Groovy3: how to get "Java lambdas" instead of closures?


I did some tests in Groovy3 and Java lambda expressions are mostly interpreted as closures instead of as Functional Interface instances. How can I make lambdas work with Generics in a practical way (without coercion) and how does Groovy4 compare?

@CompileStatic

// lambda (ok!)
Supplier<String> s = 5::toString
// decompiled
Supplier s = DefaultGroovyMethods::toString;

// closure (wth?)
Supplier<String> s
s = 5::toString
// decompiled
Supplier s = null;
Closure var3 = ScriptBytecodeAdapter.getMethodPointer(5, "toString"); 
s = (Supplier)ScriptBytecodeAdapter.castToType(var3, Supplier.class);

// lambda
void test(Supplier<String> s) {}
test(5::toString)
// decompiled
test(DefaultGroovyMethods::toString);

// fails with "Groovyc: The argument is a method reference, 
// but the parameter type is not a functional interface"
<T> void test(T s) {}
this.<Supplier<String>>test(5::toString)

// closure (fails without coercion)
List<Supplier<String>> list = [5::toString]

// lambda (works, but cumbersome)
Supplier<String> s = 5::toString
List<Supplier<String>> list = [s]

// closure (fails without coercion)
List<Supplier<String>> list = []
list.add(5::toString)

I would expect that statically compiled Java lambda syntax always enforces Java lambda semantics.


Solution

  • Lambdas and method references are a new feature for Groovy 3. With that in mind, the goal under Static Compilation (@CompileStatic) was to work like Java.
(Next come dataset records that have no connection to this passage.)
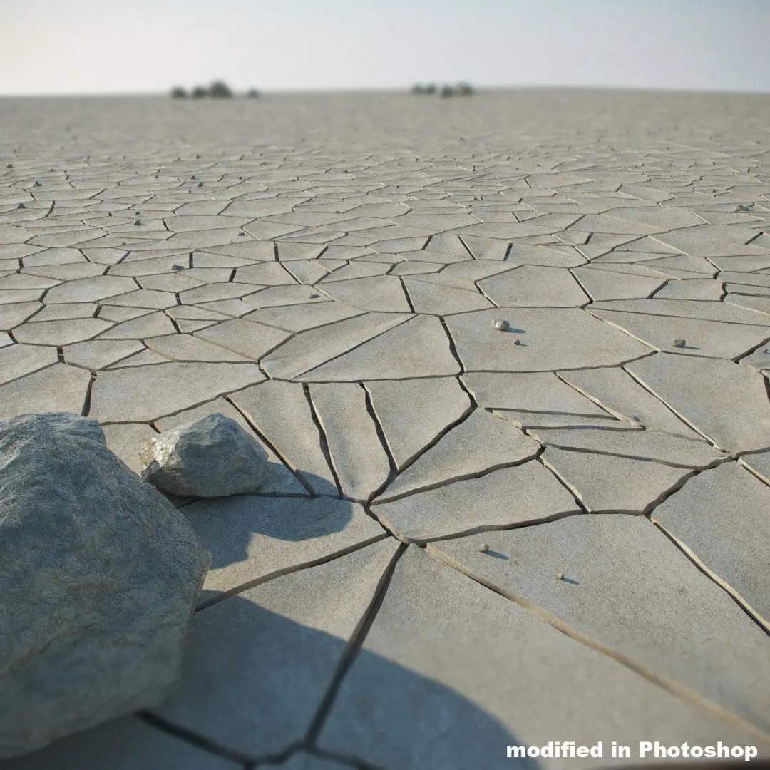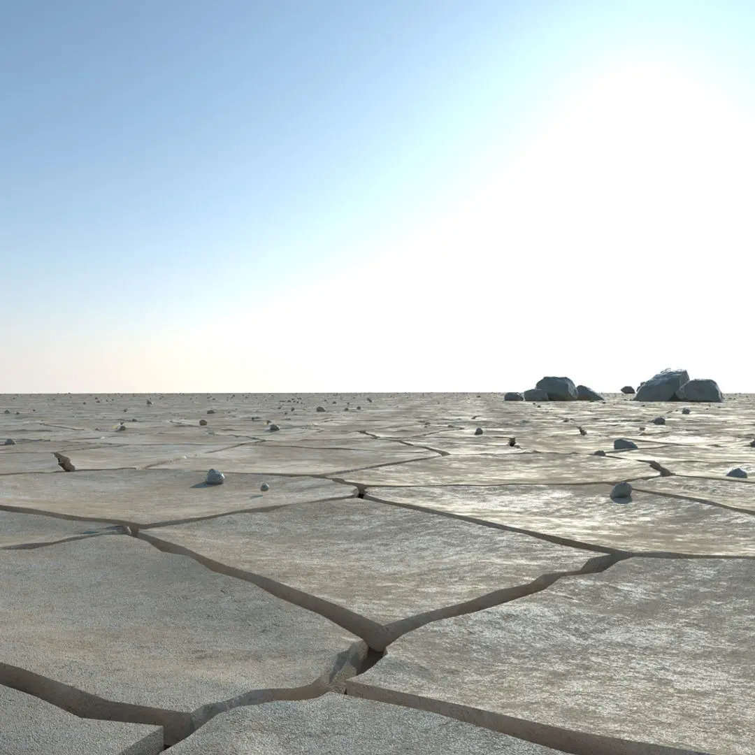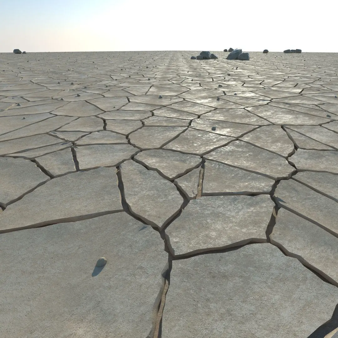 A DETAILED 3D MODEL SCENE OF A DRIED DESERT / RIVER BED / ARID LAND;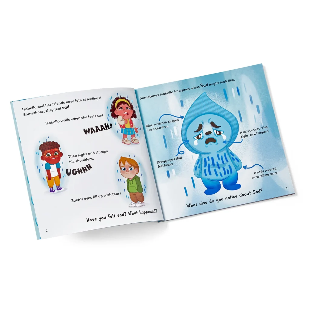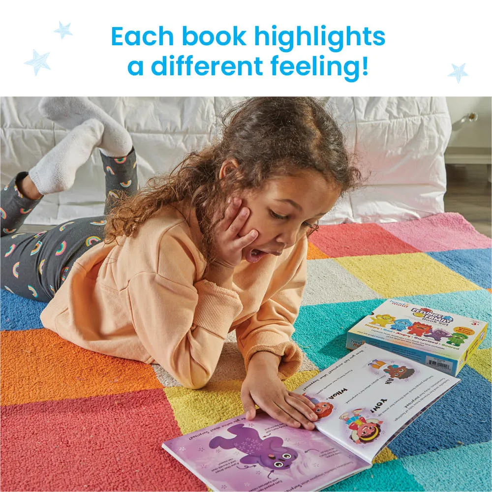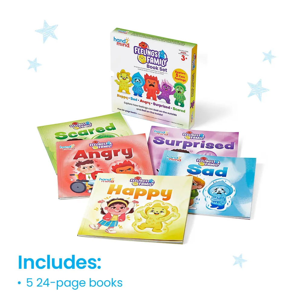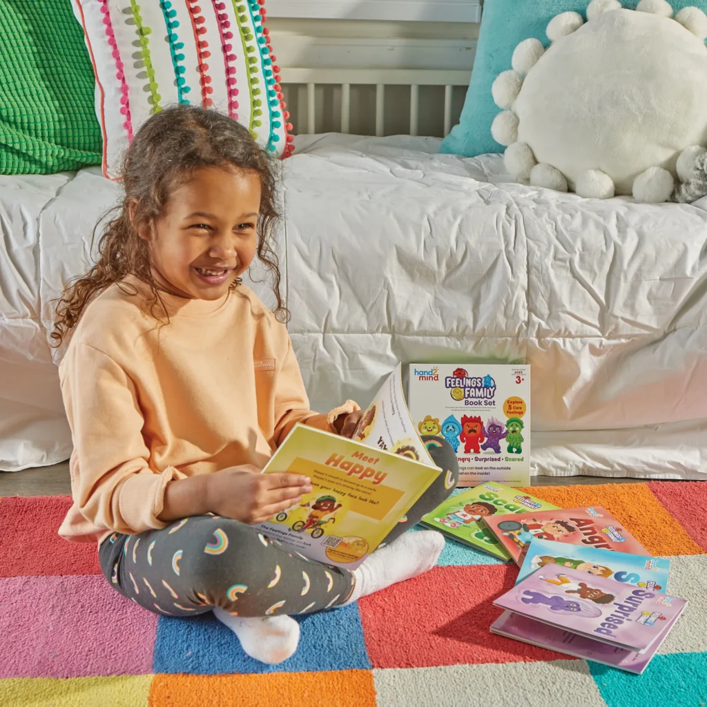 The Feelings Family helps children explore how feelings can look on the outside and feel on the inside. This book set teaches children about Happy, Sad, Angry, Scared, and Surprised through lively characters and relatable scenarios. Prompts and questions are included within the 5 books to engage children and spark thoughtful conversations. Perfect for calm-down corners, therapy rooms, classrooms, and more!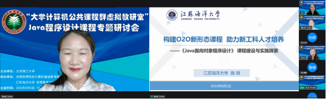 为推进由北京理工大学主持的“大学计算机公共课程群虚拟教研室”建设,打造开放、共建、共创、共享的教学创新共同体,大学计算机公共课程群虚拟教研室“Java程序设计”教学专题研讨会于2022年8月5日以线上形式成功举办并同步直播。本次研讨会由北京理工大学主办,全国高等院校计算机基础教育研究会理工专委会、江苏海洋大学及高等教育出版社协办,大学计算机公共课程群虚拟教研室成员高校80余名教师参加会议。会议由北京理工大学计算机学院陈宇峰副教授主持。我校Java程序设计教学团队作为大学计算机公共课程群虚拟教研室的重要成员,积极组织参与了这次研讨会。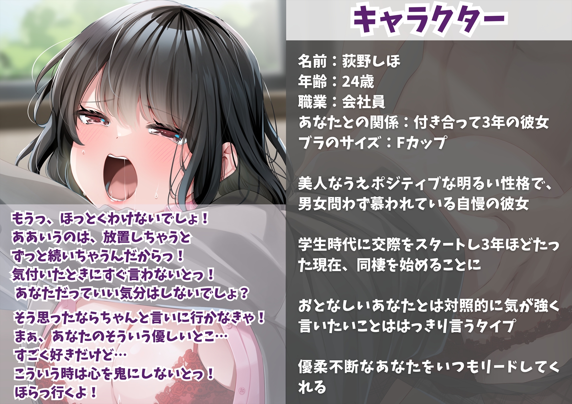 | タグ | バイノーラル/ダミヘ ASMR 寝取られ 寝取り 中出し フェラチオ 潮吹き オホ声 |

However, there are some edge cases that have come in as bugs and have been fixed since Groovy 3.0.0 and some that have not. You have hit on some of these edge cases.

    When Groovy cannot detect that the target of a lambda or method reference expression is a functional interface, it falls back on closure or method pointer handling respectively. This is why you are seeing "ScriptBytecodeAdapter.getMethodPointer" for the split declaration.

    I have a bug fix that will go into Groovy 3.0.22 for the split declaration (see GROOVY-11363). This case should already be handled properly (as you would expect) in Groovy 4.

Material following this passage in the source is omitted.